Jasne i przytulne. Apartament na Mokotowie projektu Katarzyny Szostakowskiej

Jego wnętrze powstało po dokładnej analizie potrzeb i oczekiwań właścicielki. Efektem jest kojąca ciało i duszę mieszanka paryskiego szyku i śródziemnomorskiego luzu. Apartament na Mokotowie powstał dla mamy i córki, którym zależało na detalach, takich jak sztukaterie na ścianach, dekoracyjne oświetlenie i dodatki. Całość uzupełniły elementy przywołujące na myśl naturę.

Muszę przyznać, że inwestorka wykazała się dużą odwagą – mówi Katarzyna Szostakowska. – Nie bała się rustykalnego drewna z sękami,  a przede wszystkim zaakceptowała śmiały kolor kwarcytowych blatów – dodaje.  Faktycznie, ten wybór nie był oczywisty. W pierwszym momencie pojawiła się nawet obawa, że w “bladym” wnętrzu czerwony kamień będzie raził, ale ostatecznie klientka zaufała architektce. I nie żałuje.
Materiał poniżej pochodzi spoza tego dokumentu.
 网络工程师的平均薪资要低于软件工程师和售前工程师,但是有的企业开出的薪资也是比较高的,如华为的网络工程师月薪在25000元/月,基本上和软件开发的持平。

Podłogę salonu i sypialni zdobią rustykalne deski z widocznymi sękami. W pozostałych pomieszczeniach na podłodze ułożono gres w odcieniu jasnego beżu. Celowym zabiegiem było wybranie kolekcji, w której płytki zdają się nie trzymać wymiaru, dzięki czemu podłoga wygląda jak ułożona ze starożytnego kamienia. Układ funkcjonalny liczącego 66 m kw. powierzchni apartamentu nie wymagał zmian. Przeznaczenie zmieniło jedynie pomieszczenie zaprojektowane przez dewelopera jako toaleta. Architektka zaproponowała stworzenie w nim pralni i pomieszczenia gospodarczego, co rozwiązało problem, gdzie postawić pralkę, i ostatecznie okazało się bardzo praktyczne.
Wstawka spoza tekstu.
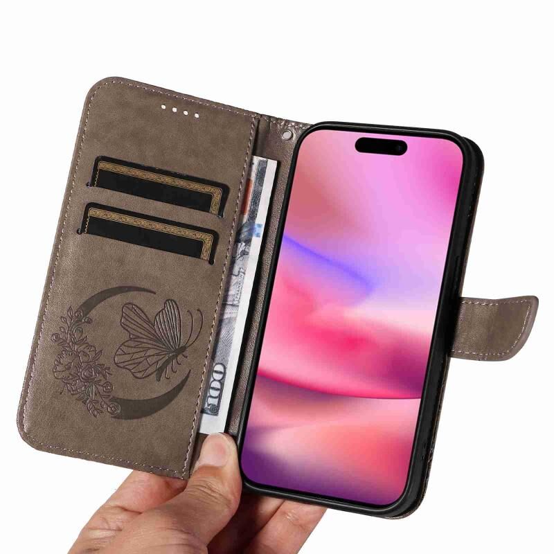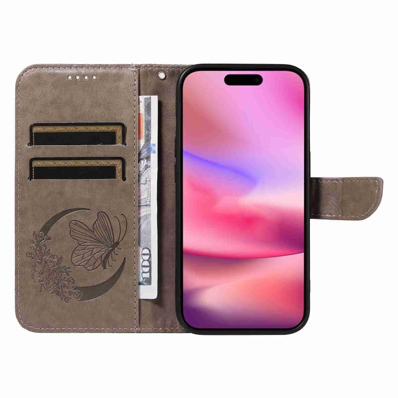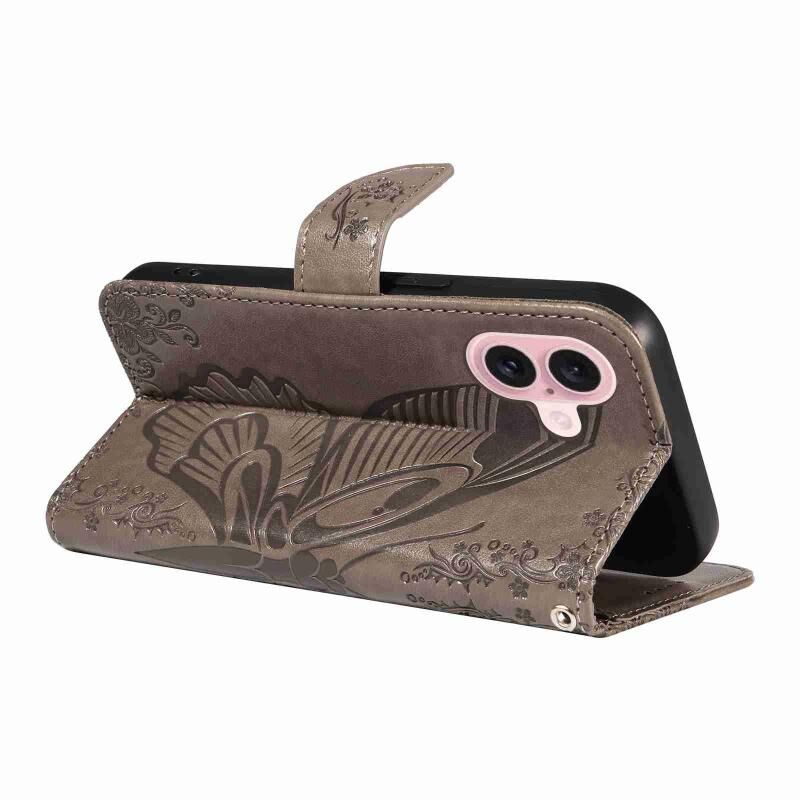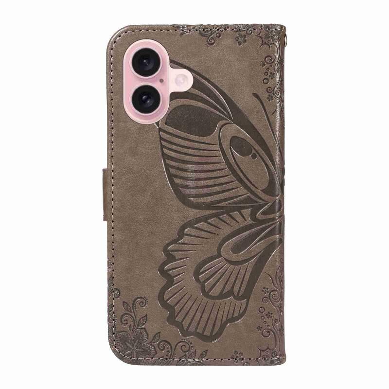 Θήκη τηλεφώνου από δέρμα με ανάγλυφο σχέδιο πεταλούδας Swallowtail για iPhone 16 (Μπλε)

Jasnemu wnętrzu salonu przytulności dodają ciepłe odcienie – jak białe drewniane żaluzje w oknach i delikatnie beżowe zasłony. Oryginalny stolik kawowy, podobnie jak konsola i stolik w korytarzu, to meble z autorskiej kolekcji Katarzyny Szostakowskiej “Living by Kate&Co”. Blat wykonany jest z ceramicznej płyty, którą projektantka indywidualnie dobiera dla każdego klienta z kolekcji Tubądzina. Architektka zaprojektowała pod wymiar większość mebli, które potem wykonał stolarz – jak choćby komodę pod telewizor. Sam ekran zaś, aby lepiej wpisywał się we wnętrze, ujęty jest w drewnianą ramę.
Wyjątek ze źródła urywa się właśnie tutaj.